Applying Rule-Based Maximum Matching Approach for Verb Phrase Identification ...
Applying Rule-Based Maximum Matching Approach for Verb Phrase Identification ...Applying Rule-Based Maximum Matching Approach for Verb Phrase Identification ...
Applying Rule-Based Maximum Matching Approach for Verb Phrase Identification ...
 
Natural language processing
Natural language processingNatural language processing
Natural language processing
 
NLP todo
NLP todoNLP todo
NLP todo
 
An Intuitive Natural Language Understanding System
An Intuitive Natural Language Understanding SystemAn Intuitive Natural Language Understanding System
An Intuitive Natural Language Understanding System
 
D3 dhanalakshmi
D3 dhanalakshmiD3 dhanalakshmi
D3 dhanalakshmi
 
Building of Database for English-Azerbaijani Machine Translation Expert System
Building of Database for English-Azerbaijani Machine Translation Expert SystemBuilding of Database for English-Azerbaijani Machine Translation Expert System
Building of Database for English-Azerbaijani Machine Translation Expert System
 
Arabic MT Project
Arabic MT ProjectArabic MT Project
Arabic MT Project
 
Segmentation Words for Speech Synthesis in Persian Language Based On Silence
Segmentation Words for Speech Synthesis in Persian Language Based On SilenceSegmentation Words for Speech Synthesis in Persian Language Based On Silence
Segmentation Words for Speech Synthesis in Persian Language Based On Silence
 
ReseachPaper
ReseachPaperReseachPaper
ReseachPaper
 
Natural Language Processing
Natural Language ProcessingNatural Language Processing
Natural Language Processing
 
FIRE2014_IIT-P
FIRE2014_IIT-PFIRE2014_IIT-P
FIRE2014_IIT-P
 

Último

DeepFakes presentation : brief idea of DeepFakes
DeepFakes presentation : brief idea of DeepFakesDeepFakes presentation : brief idea of DeepFakes
DeepFakes presentation : brief idea of DeepFakes
MayuraD1
 
Call Girls in South Ex (delhi) call me [🔝9953056974🔝] escort service 24X7
Call Girls in South Ex (delhi) call me [🔝9953056974🔝] escort service 24X7Call Girls in South Ex (delhi) call me [🔝9953056974🔝] escort service 24X7
Call Girls in South Ex (delhi) call me [🔝9953056974🔝] escort service 24X7
9953056974 Low Rate Call Girls In Saket, Delhi NCR
 
Standard vs Custom Battery Packs - Decoding the Power Play
Standard vs Custom Battery Packs - Decoding the Power PlayStandard vs Custom Battery Packs - Decoding the Power Play
Standard vs Custom Battery Packs - Decoding the Power Play
Epec Engineered Technologies
 
"Lesotho Leaps Forward: A Chronicle of Transformative Developments"

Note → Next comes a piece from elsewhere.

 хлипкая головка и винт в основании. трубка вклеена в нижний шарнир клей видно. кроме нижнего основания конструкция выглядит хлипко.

"Lesotho Leaps Forward: A Chronicle of Transformative Developments""Lesotho Leaps Forward: A Chronicle of Transformative Developments"

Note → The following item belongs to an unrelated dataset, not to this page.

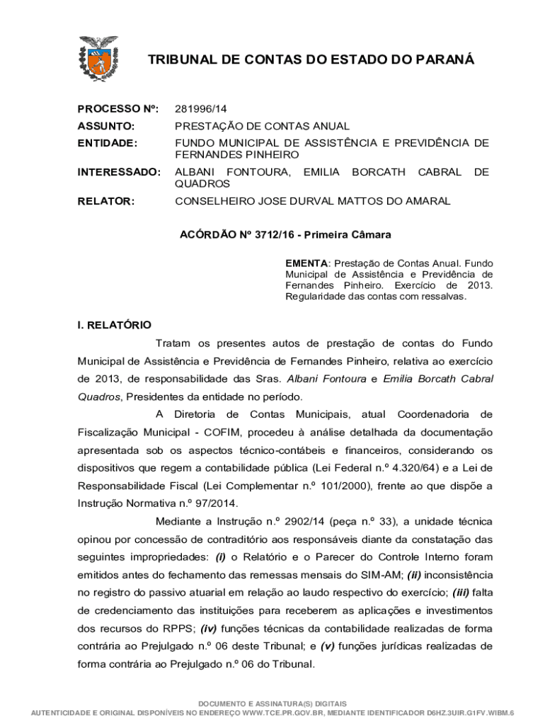 TRIBUNAL DE CONGAS DO ESTATE DO PARANPROCESSO N:281996/14ASSUNTO:PRESTO DE CONGAS ANUALENTIDADE:FUNDS MUNICIPAL DE ASSISTANCE E PROVINCIAL DE FERNANDES PINHEIROINTERESSADO:ALBANIA CONTOUR, QUADROSRELATOR:CONSELHEIRO

"Lesotho Leaps Forward: A Chronicle of Transformative Developments"
mphochane1998
 
Hospital management system project report.pdf
Hospital management system project report.pdfHospital management system project report.pdf
Hospital management system project report.pdf
Kamal Acharya
 

Último (20)

data_management_and _data_science_cheat_sheet.pdf
data_management_and _data_science_cheat_sheet.pdfdata_management_and _data_science_cheat_sheet.pdf
data_management_and _data_science_cheat_sheet.pdf
 
Unit 4_Part 1 CSE2001 Exception Handling and Function Template and Class Temp...

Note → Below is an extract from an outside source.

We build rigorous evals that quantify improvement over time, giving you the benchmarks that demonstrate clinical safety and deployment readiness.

Unit 4_Part 1 CSE2001 Exception Handling and Function Template and Class Temp...Unit 4_Part 1 CSE2001 Exception Handling and Function Template and Class Temp...
Unit 4_Part 1 CSE2001 Exception Handling and Function Template and Class Temp...
 
Unleashing the Power of the SORA AI lastest leap
Unleashing the Power of the SORA AI lastest leapUnleashing the Power of the SORA AI lastest leap
Unleashing the Power of the SORA AI lastest leap
 
Online food ordering system project report.pdf
Online food ordering system project report.pdfOnline food ordering system project report.pdf
Online food ordering system project report.pdf
 
Online electricity billing project report..pdf
Online electricity billing project report..pdfOnline electricity billing project report..pdf
Online electricity billing project report..pdf
 
Thermal Engineering-R & A / C - unit - V
Thermal Engineering-R & A / C - unit - VThermal Engineering-R & A / C - unit - V
Thermal Engineering-R & A / C - unit - V
 
NO1 Top No1 Amil Baba In Azad Kashmir, Kashmir Black Magic Specialist Expert ...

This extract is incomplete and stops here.